The present invention relates to a semiconductor integrated circuit operating at a low voltage and a high speed, and particularly to a semiconductor integrated circuit capable of stabilizing an operating power supply.
In a semiconductor integrated circuit, power supply wiring and ground wiring, which are sufficiently decreased in resistance, are laid in the circuit, for supplying a specified voltage to each element and stabilizing the operation of each element in the circuit. However, when high power consumption locally occurs in the semiconductor integrated circuit, a power supply voltage is instantaneously decreased in its vicinity. As a result, operation errors in logical circuits or jitters in output signals occur. Such a phenomenon significantly occurs in a semiconductor integrated circuit operating at a high speed and a low power supply voltage.
Methods generally used for resolving these problems include those in which power supply wiring and ground wiring are strengthened, i.e., wiring is thickened to decrease the resistance, and those in which a capacitor is formed between a power supply and a ground, in order to stabilize a power supply voltage for instantaneous power consumption. Examples of these methods are known as below:
(1) One of a top metal wiring layer (layer n) and a wiring layer (layer n−1) directly below the top metal wiring layer is connected to a high-voltage power supply VDD. The other is connected to a low-voltage power supply VSS, and an insulating material having a relatively high dielectric constant is formed thinly between these two wiring layers. As a result, a capacitor cell is formed which stabilizes a power supply using the wiring layers of n and n−1 as electrodes. (Japanese Laid-open Patent Application 2002-270771).

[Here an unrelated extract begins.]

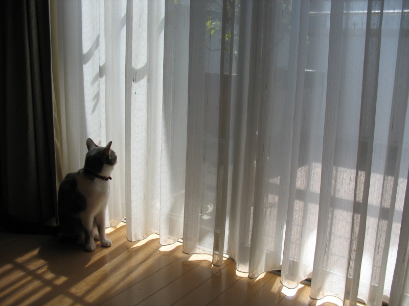 春は大好きなテラスに出てはお花の匂いをかいだり、ベリーをなめてみたり、チョウチョを追いかけたりしていたあんずも、さすがにこの暑さには勝てず・・・一度あんまり出たいとニャンニャン騒ぐので炎天下のテラスにポイッと放り出したら・・「!!!」 大あわてでとんで帰ってきました。だから言ったのに(´д`) あんずいわく、「危なく肉球ヤケドするトコだった!」・・・それ以来二度と出たいと騒がなくなったあんずでした。「今日も暑そうだわ・・」と、じぃーっと窓の外を眺める日々。

(2) The wiring layers of M1, M2, and M3 are laminated so that the pitch array direction of a plurality of wirings arrayed at a pitch in the same direction crosses that of a plurality of other wirings arrayed at a pitch in the same direction. The wiring layers of M1, M2, and M3 are connected to each other so that potentials VDD and VSS are supplied to the adjacent wirings in each of the wiring layers M1, M2, and M3. As a result, decoupling capacitance is formed between the adjacent VDD and VSS wirings in each of the wiring layers. (Japanese Laid-open Patent Application 2003-249559).
However, in the method disclosed in JP 2002-270771, a capacitor cell to power supply wiring is usually required to be added. Therefore, it has the problem of requiring two wiring layers and increasing the manufacturing cost compared with a general semiconductor integrated circuit.
In the method disclosed in JP 2003-249559, a capacitor between the VDD and VSS wirings in the same layer is formed. It has the problem that it cannot provide sufficient electrode area from a structural point of view, and causes difficulty in securing enough capacitance, and particularly the problem of failing to form a large capacitor when the number of signal wirings is increased.